The pipeline for the rest of 2021 also remains thin, with only a second-tier state lender — Union Bank of India — firming up plans for an offshore AT1 sale.

The reason for the limited deal flow is clear. The Reserve Bank of India and its regulations have the reputation of being tough and complex at the same time. But its rules get even more complicated when it comes to bank capital — bringing real meaning to the adage of the devil being in the detail.

The regulatory nuisance, buried inside the RBI’s 327-page July 1, 2015, master circular on Basel III capital regulations, allows Indian lenders to issue AT1s equal to no more than 49% of the “eligible amount” offshore.

This eligible amount was recently clarified by the central bank to be 1.5% of their risk-weighted assets (RWA).

This interpretation caps offshore AT1 issuance for even the top tier lenders at laughable numbers. For instance, SBI, the largest Indian lender by assets, only has room to issue around $2bn in new AT1s overall, say sources.
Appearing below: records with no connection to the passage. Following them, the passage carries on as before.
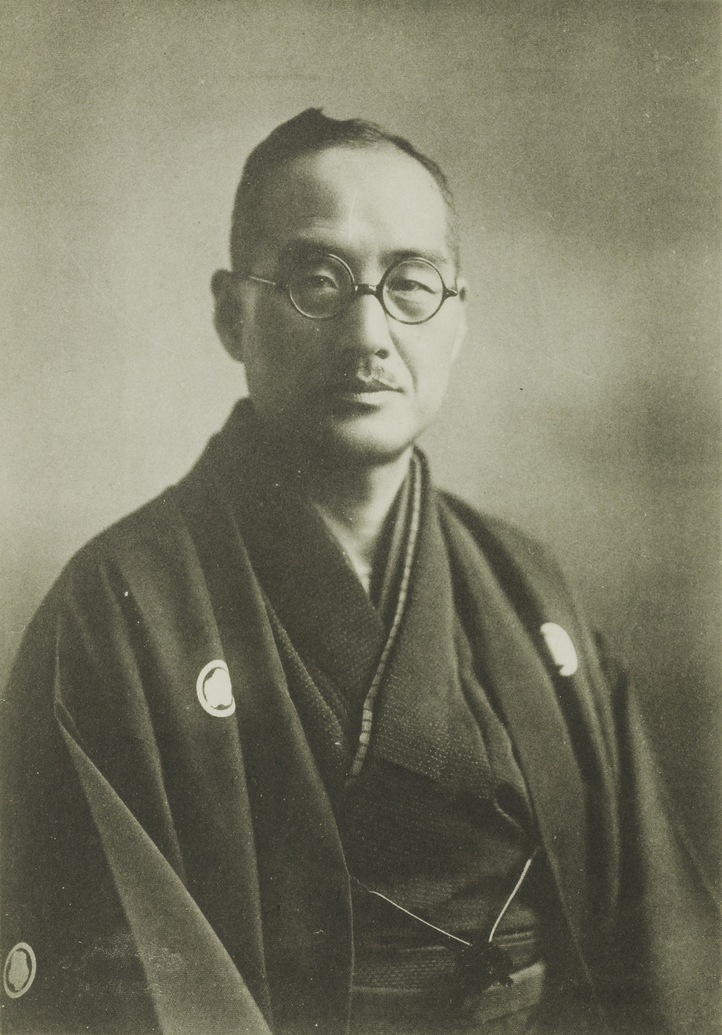 Portrait of Nomura Tokushichi II (第二代野村徳七, 1878 – 1945)
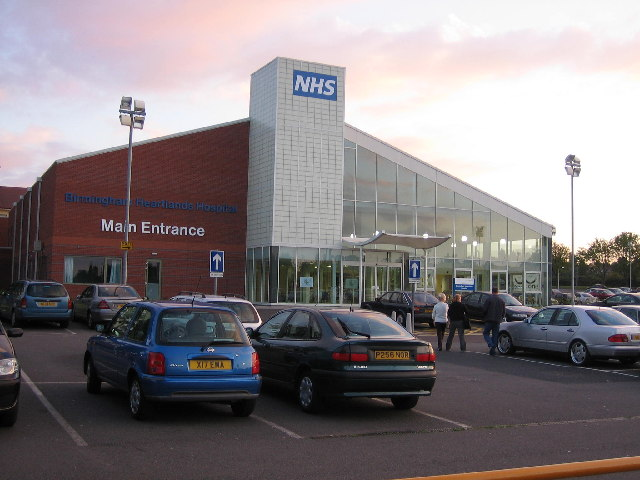 Heartlands Hospital, Bordesley Green. This is one of the newest blocks of this large hospital.
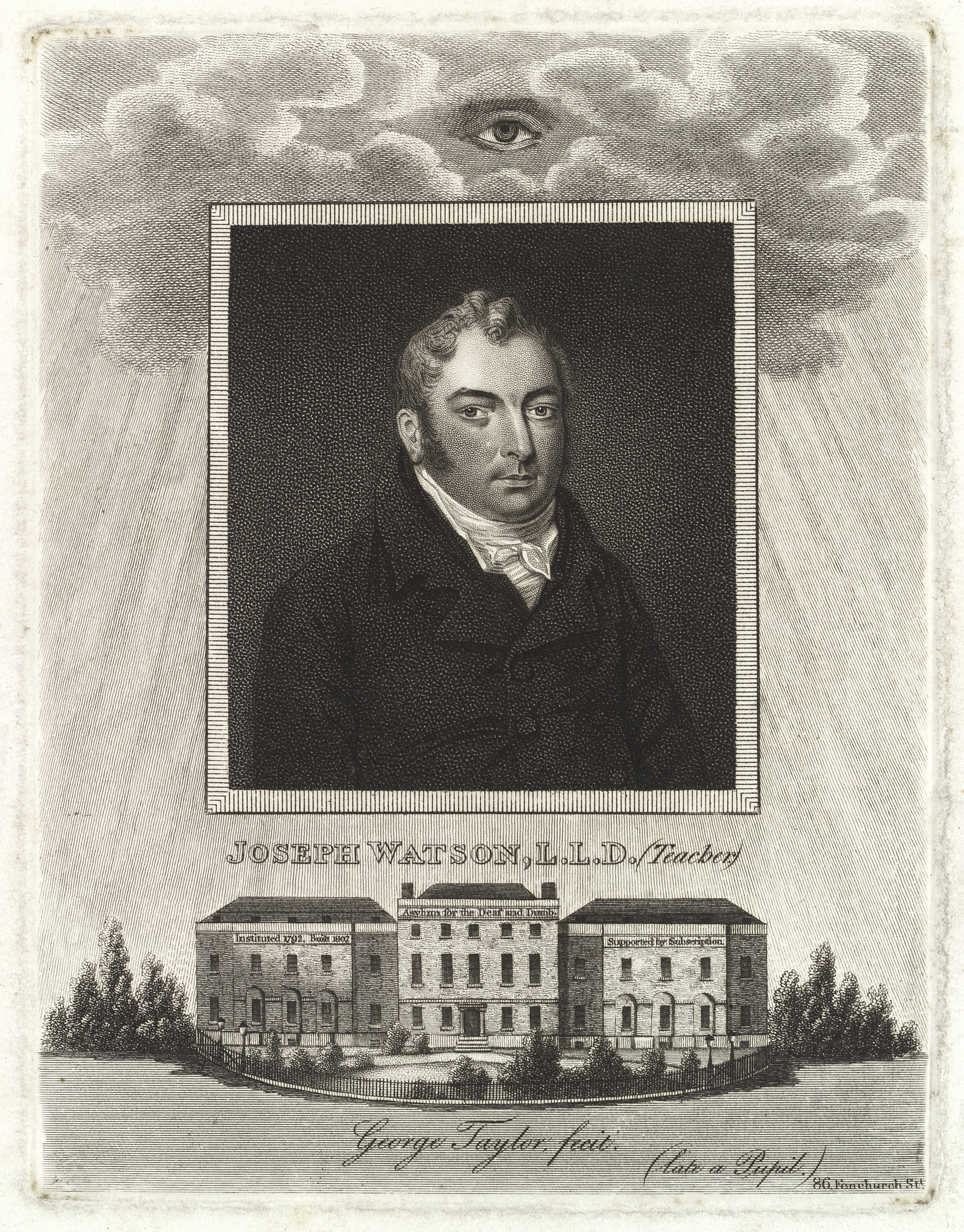 Joseph Watson, and the Asylum for the deaf and dumb, Camberwell, in which he taught. The Deaf and Dumb Asylum was founded at Fort Place, Bermondsey in 1792 by the Rev. John Townsend. In 1807-1809 new, larger, premises were constructed in Kent Road (later the Old Kent Road) to the designs of Thomas Swithin (Gentleman's Magazine 1807, ii, 678) The first teacher was Joseph Watson, who is portrayed here: his book Instruction of the deaf and dumb appeared in 1809 A stipple engraving with etched border. Above his portrait, the eye of god (a masonic motif?), and below, a view of the asylum. Iconographic Collections Keywords: Joseph Watson; Deaf; George Taylor; Portraiture; Thomas Swithin; Asylum; Asylum for the Deaf and Dumb (Camberwell, London, England); Institutions
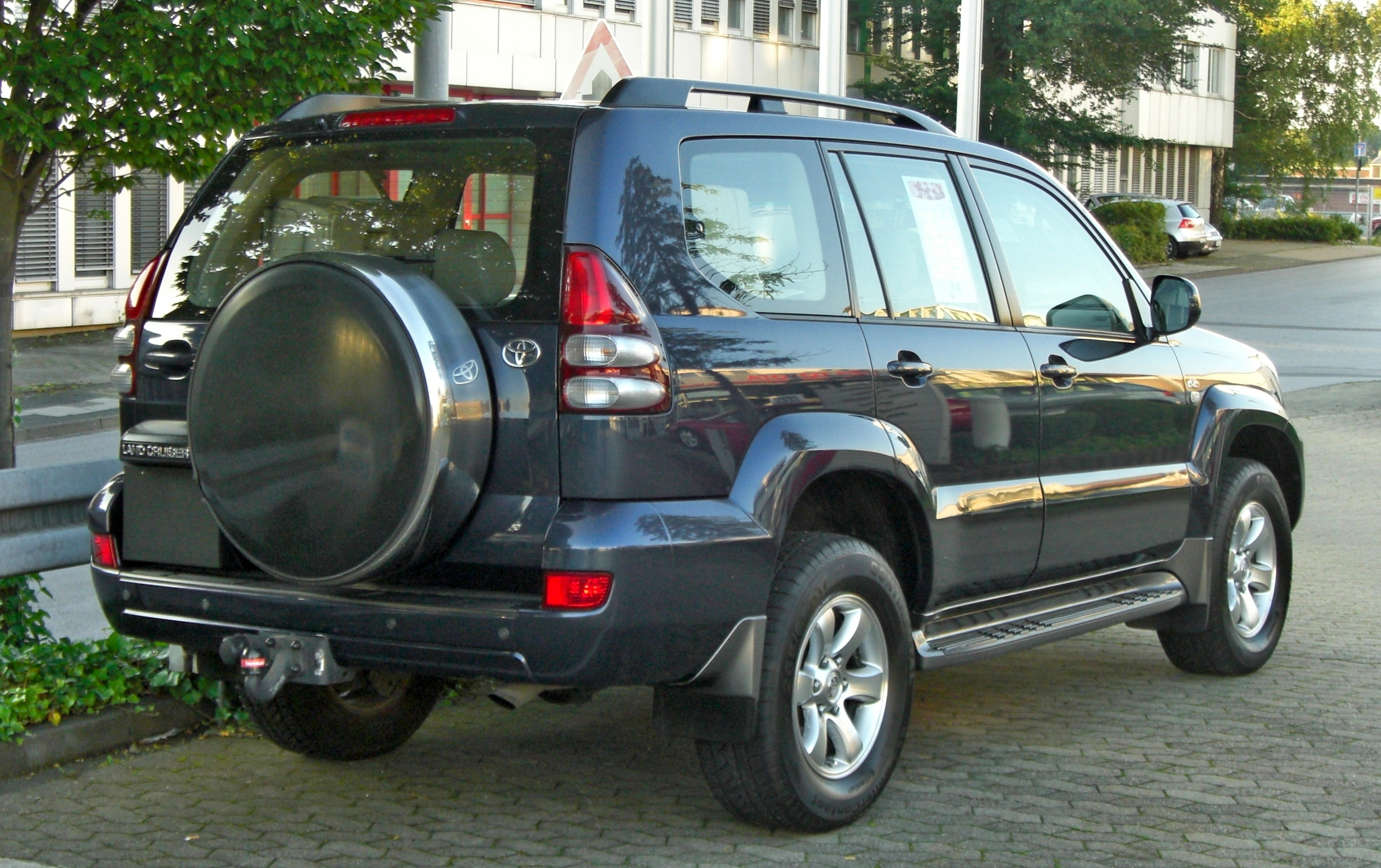 Toyota Land Cruiser 120
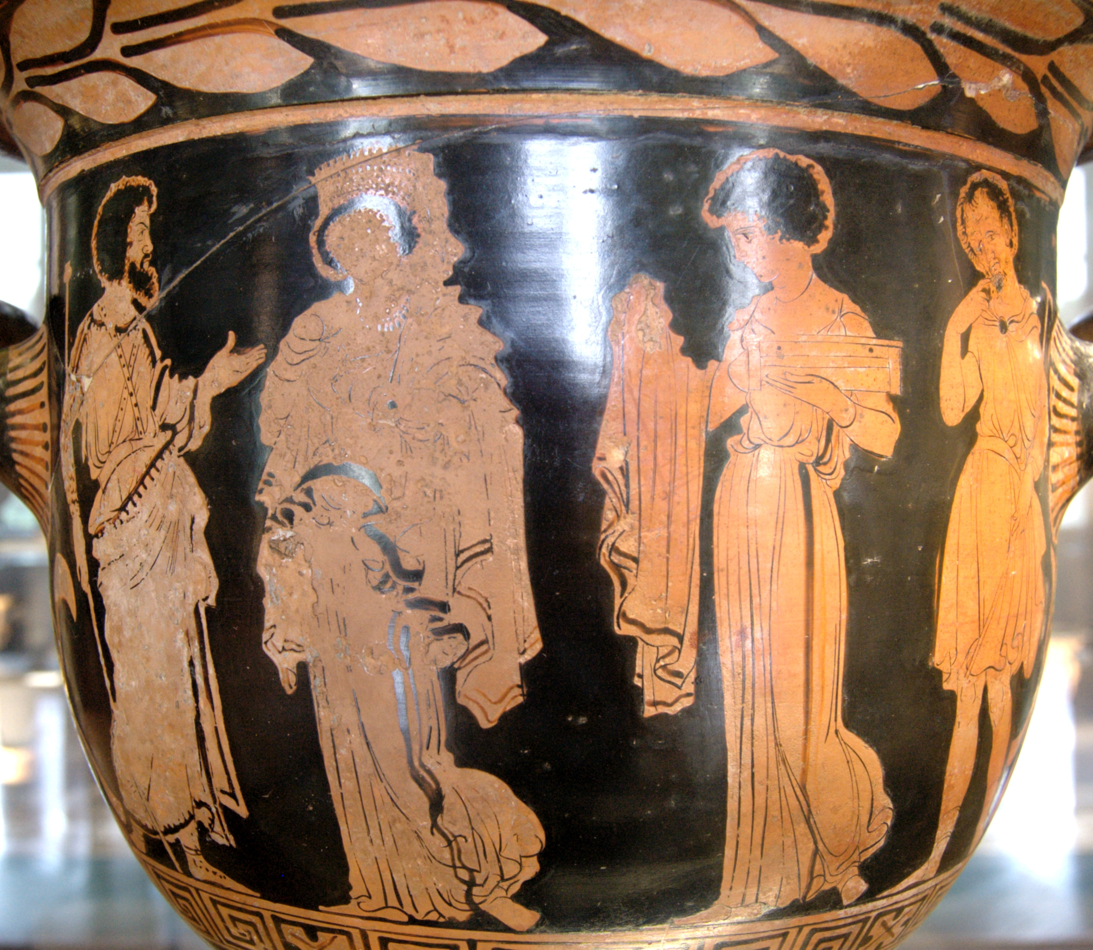 Presents from Medea to Creusa. Side A from a Lucanian red-figure bell-krater, ca. 390 BC. From Apulia.

This regulatory quirk gives HDFC Bank, the largest Indian private sector lender by assets, the headroom to raise only $1.1bn in offshore AT1s. The lender printed $1bn 3.7% AT1s last month, reopening the bank capital market for the country.

Axis, meanwhile, took home $600m in a AT1 bond with a sustainable label earlier this month. Axis couldn’t print a bigger deal as it did not get the necessary approvals on time.

Yet, both HDFC’s and Axis’s offerings were hugely successful, attracting investors looking for high yielding, as well as safer, assets than what the embattled Chinese bond market could offer. As AT1s are relatively risky and lower rated than senior bank bonds, they offer a premium and can often find more buyers.

Favourable market conditions for Indian borrowers, driven by investors' hunger for yield and diversification outside of China, mean now is an opportune time for banks to issue more offshore AT1s. But the RBI rules threaten to spoil the party before it really gets started. Given just three Indian lenders have issued capital bonds offshore for a total of $1.9bn so far, there is definitely rarity value for these notes.

Investors’ eagerness for Indian AT1s was evident in HDFC and Axis’s orderbooks. Each attracted some $3.2bn at reoffer.

Banks are understood to be lobbying to get the RBI to loosen the guidelines for AT1s. Broadening funding access for lenders is critical at a time when the onshore bank capital market is struggling due to tighter norms.

Earlier this year, the Securities and Exchange Board of India issued rules tightening investment norms for onshore AT1s. The regulator’s directive followed private sector lender Yes Bank’s Rp84.15bn ($ 1.1bn) AT1 write-off last year, a landmark moment for the country’s bank capital market.

Offshore AT1s provide diversification to lenders, while also allowing them to raise larges amounts than what is possible domestically.

Although the onshore AT1 market still remains open and gives a pricing advantage of at least 1% in terms of yield, it is unlikely to meet banks’ potential needs. Banking analysts expect around $7.5bn-equivalent of onshore AT1s to be called this year and next. This is on top of fresh issuances of AT1s of an equal or higher amount.

The RBI has always pushed banks to look onshore for bank capital deals, while prioritising raising core equity.

No doubt, core equity is the best form of capital, but it has put banks in a conundrum as equity comes with a higher cost.

GlobalCapital Asia understands that the central bank is discussing a proposal to provide some relief to banks looking to go offshore for capital. But if the RBI wants to bring about some serious change, and support the banking sector, it must act quickly. Otherwise, it risks losing the market and investor momentum.